In May 2018, Deborah Anthony spent a week hearing cases at the largest family detention center in the United States.
The women and children mostly from El Salvador, Nicaragua and Honduras told Anthony, an associate professor in the legal studies department at the University of Illinois Springfield working in Dilley, Texas, about 75 miles from the Mexican border, horrific stories of severe domestic violence, rampant gangs who extorted money and family members who “disappeared” in their homelands.
They had presented themselves to U.S. Border Patrol agents for asylum, but even on this side, Anthony recalled, they endured threats of sexual abuse and violence. They were also called names, kicked and spat upon, they told her.
Anthony sometimes worked 15-hour days, all without pay, and watched colleagues, frazzled by the experience, go to other parts of the facility and break down emotionally.
So Anthony did the only logical thing she could do in her mind: she committed to working another week at the facility in August.
This time, Anthony will take another legal studies colleague, assistant professor Anette Sikka, whose background is in immigration law and international human rights.
Six UIS students — Graciela Popoca, Vanesa Salinas and Sonia Hernandez, all of Chicago; Maria Zavala of Carpentersville; Yuli Salgado of Evanston; and Alex Phelps of Washington — are also going on the trip and will serve as English-Spanish interpreters.

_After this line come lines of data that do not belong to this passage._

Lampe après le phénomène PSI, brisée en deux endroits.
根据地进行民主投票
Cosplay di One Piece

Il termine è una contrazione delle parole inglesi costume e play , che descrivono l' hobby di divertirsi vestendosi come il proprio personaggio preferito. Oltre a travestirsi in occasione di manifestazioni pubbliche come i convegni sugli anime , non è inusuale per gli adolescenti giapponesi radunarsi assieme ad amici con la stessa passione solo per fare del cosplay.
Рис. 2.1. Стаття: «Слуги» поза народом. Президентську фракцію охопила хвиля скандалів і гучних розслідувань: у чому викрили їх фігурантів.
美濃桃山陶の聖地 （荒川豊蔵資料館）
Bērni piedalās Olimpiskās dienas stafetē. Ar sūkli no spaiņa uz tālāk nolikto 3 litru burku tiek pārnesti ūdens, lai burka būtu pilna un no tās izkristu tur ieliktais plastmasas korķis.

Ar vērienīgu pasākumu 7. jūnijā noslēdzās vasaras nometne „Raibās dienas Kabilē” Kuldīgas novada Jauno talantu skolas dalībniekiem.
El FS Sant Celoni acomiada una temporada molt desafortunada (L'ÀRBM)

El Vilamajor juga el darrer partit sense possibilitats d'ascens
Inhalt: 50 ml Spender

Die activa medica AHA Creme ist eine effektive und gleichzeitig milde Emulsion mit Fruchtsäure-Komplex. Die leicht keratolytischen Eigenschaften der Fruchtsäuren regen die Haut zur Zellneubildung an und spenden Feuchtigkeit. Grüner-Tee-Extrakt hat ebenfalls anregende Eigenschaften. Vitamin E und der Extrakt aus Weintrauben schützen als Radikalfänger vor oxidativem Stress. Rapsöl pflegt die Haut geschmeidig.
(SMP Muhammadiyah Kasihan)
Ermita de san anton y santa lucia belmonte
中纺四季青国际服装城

The Dilley Pro Bono Project, formerly known as The CARA Project, is a partnership among several agencies.
Attorneys, like Anthony, are helping the women prepare for the initial phase of their asylum application, called the “credible fear interview.”
It amounts to, Anthony said, hearing their stories and situations and helping them identify the parts that are going to be relevant to their cases legally.

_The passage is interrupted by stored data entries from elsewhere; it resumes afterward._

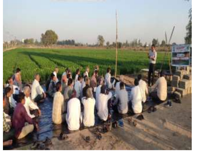
જંતુનાશકનો યોગ્ય સંગ્રહ વિષય પર ઓફ કેમ્પસ તાલીમ કાર્યક્રમ
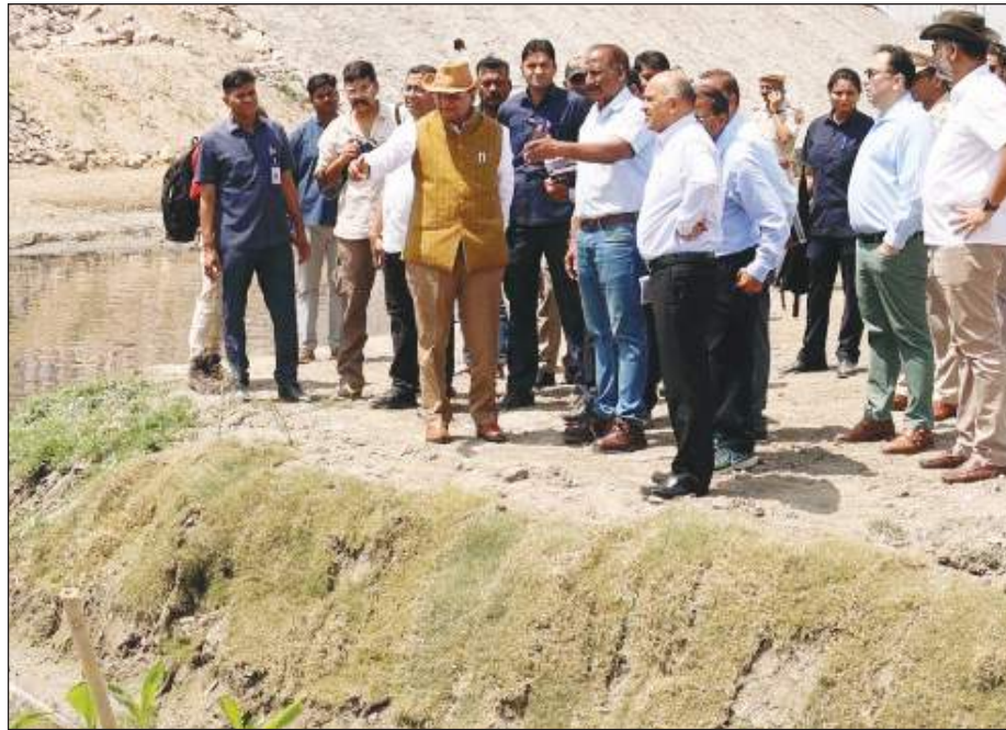
एलजी वजीराबाद में नजफगढ़ ड्रेन की साफ-सफाई के काम का निरीक्षण करने पहुंचे।

देररात उसका प्रेमिका की मां के साथ उनके कुत्ते को लेकर कुछ विवाद हो गया। यह विवाद इतना बढ़ गया कि दोनों में हाथापाई होने लगी। इस दौरान गुस्से में आकर आरोपित ने तमंचा निकालकर महिला को गोली मार दी और मौके से फरार हो गया। स्थानीय लोगों की मदद से आरोपित की गर्ल फ्रेंड ने अपनी मां को अस्पताल पहुंचाया। महिला को फिलहाल आईसीयू में रखा गया है। अस्पताल से सूचना मिलने पर पहुंची पुलिस ने महिला का बयान दर्ज करने के बाद आरोपित के खिलाफ केस दर्ज कर उसे गिरफ्तार कर लिया है।
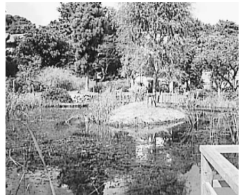
新川丸池公園(新川5-1-8)
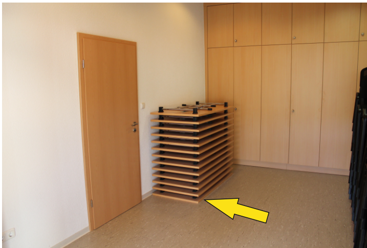
Lagerung der Tische im Nebenraum

Wichtig: Die Tische müssen mit der Tischplatte nach unten gestapelt werden, um Druckstellen im Boden zu vermeiden.
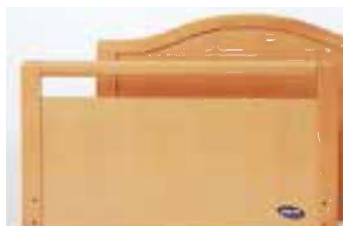
Art nr 31368 (par) Sänggavel Sanne sänkt 5 cm Standardkomponent
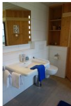
Das große Bad im Erdgeschoß mit Handwaschbecken...
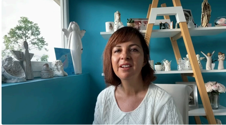
Et si la Mort n'existait pas ? Dimanche 23 avril, dernières places!
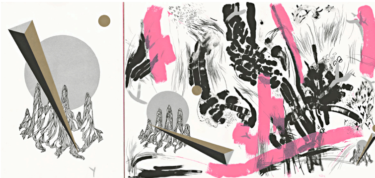
Yuliia Koval + Petros Sianos Lithographie, mehrfarbig Papier: BFK Rives, 270 gr. Format: 88,0 x 40,0 cm, gefaltet auf 30,0 x 40,0 cm

“In order to get past the issues, we have to learn to discuss the (difficult) issues,” Phelps said. “I want to be able to get out of my comfort zone and confront these issues.”
“You can sit for 1,000 hours in a classroom,” Anthony said,” and not develop the same type of understanding from going there, talking to the people, understanding their experiences and witnessing government procedures: how (U.S. Immigration and Customs Enforcement) is operating, how the detention center is operating, how the legal aspects of the asylum process work. “We’re a public affairs (institution) and we have a mission of engaged learning and engaged citizenship, and the university has been really great in helping us get this to happen.”
This story appeared in The State Journal-Register on June 23, 2019.